Background
When the chart of infection spread for CoronaVirus was published it intrigued me that both the tall thin curve representing unrestricted spread and the short fat curve representing controlled spread were normal distribution bell curves.
I wanted to know why the curves rose and fell and in particular what made the curves fall in such a symmetrical way. Particularly what caused them to fall. I decided the best way was to make my own model so I can play with it.
When I started reading I realised Basic Reproduction Value, R0 (are-nought) was the most important factor. It's pretty well the only property of the spread of the virus that at this time we are able to control.
The tall thin curve is the number of hospitalisations with time with no intervention. The native property of the virus.
The short fat curve is the number of hospitalisations if the R0 value is attenuated by reducing the opportunity to spread. But why the bell? Why not an ever increasing exponential curve until everyone who will be hospitalised is?
Assumptions
The charts use hospitalisations. That's so the dotted line (available hospital resources) is relatable to the numbers. I have assumed that infections follow that curve. There is a skewing factor that Is not taken into account in those curves and in my calculations and that is that there should be more hospitalisations (though not infections) in as the more vulnerable will be hospitalised early.

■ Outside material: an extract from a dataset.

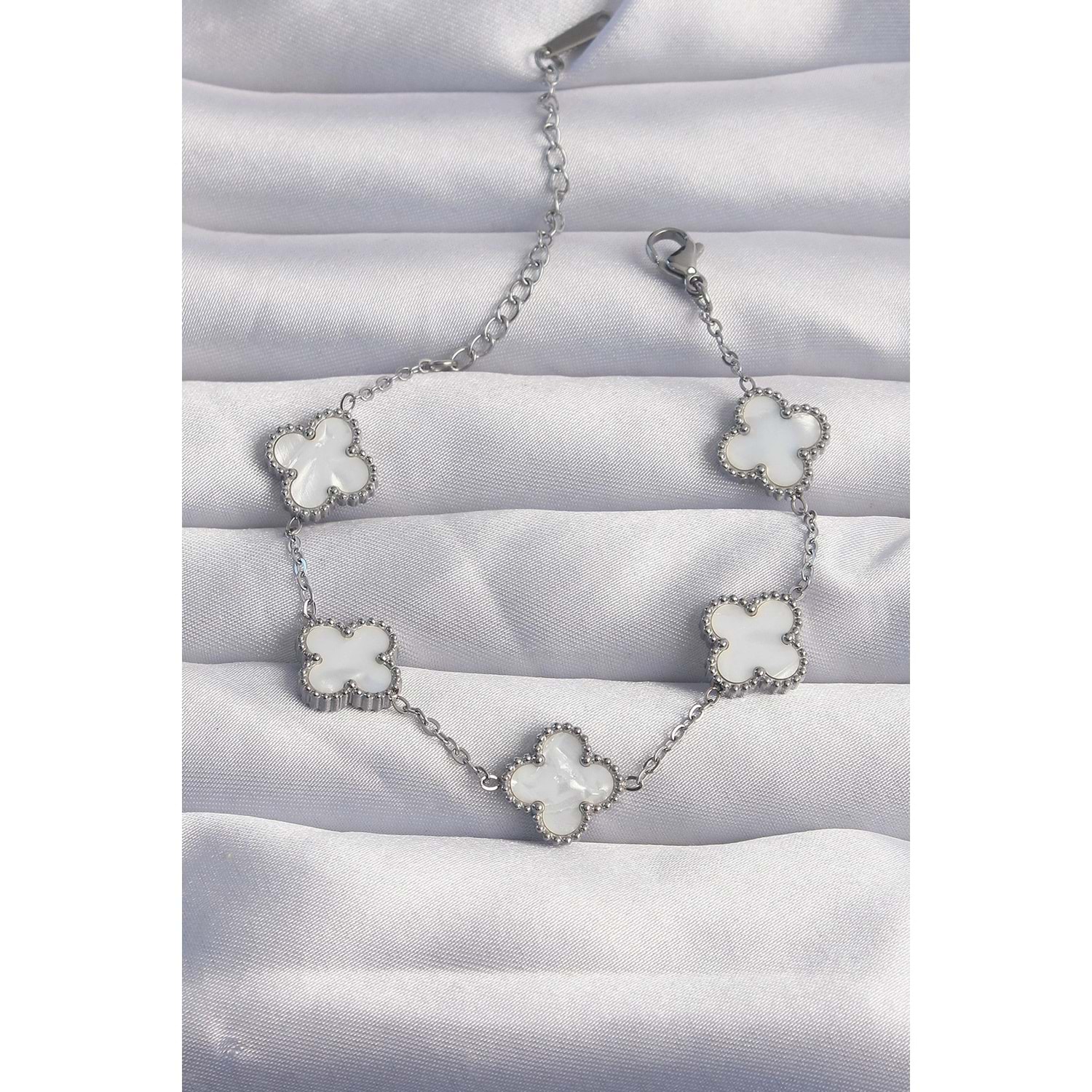 316L Çelik Gümüş Renk Beyaz Sedefli Yonca Bileklik

I have used a simple model for the reproduction value iteration time. In reality the virus is infectious for a long period. I have seen number like 7-10 days in the incubation period and up to several weeks in the symptomatic period. I haven't modelled for this. For convenience I've called an iteration period a day.

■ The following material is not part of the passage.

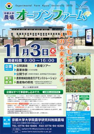 「作物生産のサイエンス」を基本テーマとして、公開講座、農場ツアー、農業体験実習、公開ラボ、パネル・器具展示、農場農産物の即売などを行います。イベント満載の一日です。新農場がオープンし、木津川市での最初の開催となります。

The model uses a chance or opportunity factor. I have assumed that the opportunity factor is linear with the number of people who have been infected. There has been some talk of a small number of reinfections in South Korea. If infection does not confer immunity in the vast number of cases then all bets are off and we are all dead.
Population density will have a huge effect on R value (more specifically on oportunity factor.) I haven't even attempted to model how high density areas within the same population affect the overall shape of the curve. My speculation is that there will be a much longer tail as more isolated communities become infected over time.

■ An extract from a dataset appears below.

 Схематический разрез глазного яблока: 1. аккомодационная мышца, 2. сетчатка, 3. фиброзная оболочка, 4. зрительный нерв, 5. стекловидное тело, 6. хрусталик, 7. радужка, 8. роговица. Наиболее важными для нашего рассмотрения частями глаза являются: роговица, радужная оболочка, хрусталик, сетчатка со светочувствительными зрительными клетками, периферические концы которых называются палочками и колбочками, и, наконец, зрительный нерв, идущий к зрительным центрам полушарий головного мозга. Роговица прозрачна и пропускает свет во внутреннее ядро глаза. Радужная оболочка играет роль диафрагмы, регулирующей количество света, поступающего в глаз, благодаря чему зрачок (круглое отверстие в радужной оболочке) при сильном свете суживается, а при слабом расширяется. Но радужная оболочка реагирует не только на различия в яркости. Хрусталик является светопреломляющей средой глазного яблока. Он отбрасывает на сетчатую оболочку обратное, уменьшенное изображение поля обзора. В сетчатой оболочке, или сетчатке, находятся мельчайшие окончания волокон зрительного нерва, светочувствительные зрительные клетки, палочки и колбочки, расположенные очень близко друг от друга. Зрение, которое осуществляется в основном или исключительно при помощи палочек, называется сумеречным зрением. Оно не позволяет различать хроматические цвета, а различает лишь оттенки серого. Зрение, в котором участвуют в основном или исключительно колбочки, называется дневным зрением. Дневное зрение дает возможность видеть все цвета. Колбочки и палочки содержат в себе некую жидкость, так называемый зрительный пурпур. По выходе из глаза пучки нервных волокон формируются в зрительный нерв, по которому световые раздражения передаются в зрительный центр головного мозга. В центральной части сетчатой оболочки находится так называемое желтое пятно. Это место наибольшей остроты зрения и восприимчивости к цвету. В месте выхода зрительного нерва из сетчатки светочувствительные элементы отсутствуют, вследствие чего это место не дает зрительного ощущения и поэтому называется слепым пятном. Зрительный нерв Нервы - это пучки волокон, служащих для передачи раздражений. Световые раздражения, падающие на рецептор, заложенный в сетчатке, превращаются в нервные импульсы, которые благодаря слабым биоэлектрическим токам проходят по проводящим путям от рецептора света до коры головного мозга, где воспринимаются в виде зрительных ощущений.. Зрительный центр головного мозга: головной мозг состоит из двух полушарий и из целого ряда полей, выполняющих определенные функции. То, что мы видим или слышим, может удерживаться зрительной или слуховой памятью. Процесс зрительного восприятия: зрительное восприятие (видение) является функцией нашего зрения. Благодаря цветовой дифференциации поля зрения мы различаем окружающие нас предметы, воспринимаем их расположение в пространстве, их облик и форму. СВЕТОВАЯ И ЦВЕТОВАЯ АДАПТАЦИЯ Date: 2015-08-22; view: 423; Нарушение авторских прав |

The model has no 'fudge factors' to aim to give a preconceived result. The R based calculations are taken directly from the definition of R
Population density will have a huge effect on R value (more specifically on oportunity factor.) I haven't even attempted to model how high density areas within the same population affect the overall shape of the curve. My speculation is that there will be a much longer tail as more isolated communities become infected over time.
The model has no 'fudge factors' to aim to give a preconceived result. The R based calculations are taken directly from the definition of R
Method
The model is very simple. Day zero there are n infectious cases. Which means on day two there will be n*R. The total infected is n+(n*R)* The next day the infections are the (total infected on the previous day) * RO. They are added to the running total.
I then apply an opportunity factor which is the chance of encountering RO number of people who are do not have acquired immunity. Which is the population/the running total of infected people.
The model runs until the number of new infections is zero or given number of iteraterations or a target number of infections has been reached
.
I have pasted the code after the footnotes. It runs under Python 3. I use version 3.6 on various versions of Ubuntu. This has been tested on 18.04.
Results
I'm presenting the results in a standard form:
Run one
I wanted a picture of how the tall thin curve might look so I used the profile for infecting the whole population at R0=3.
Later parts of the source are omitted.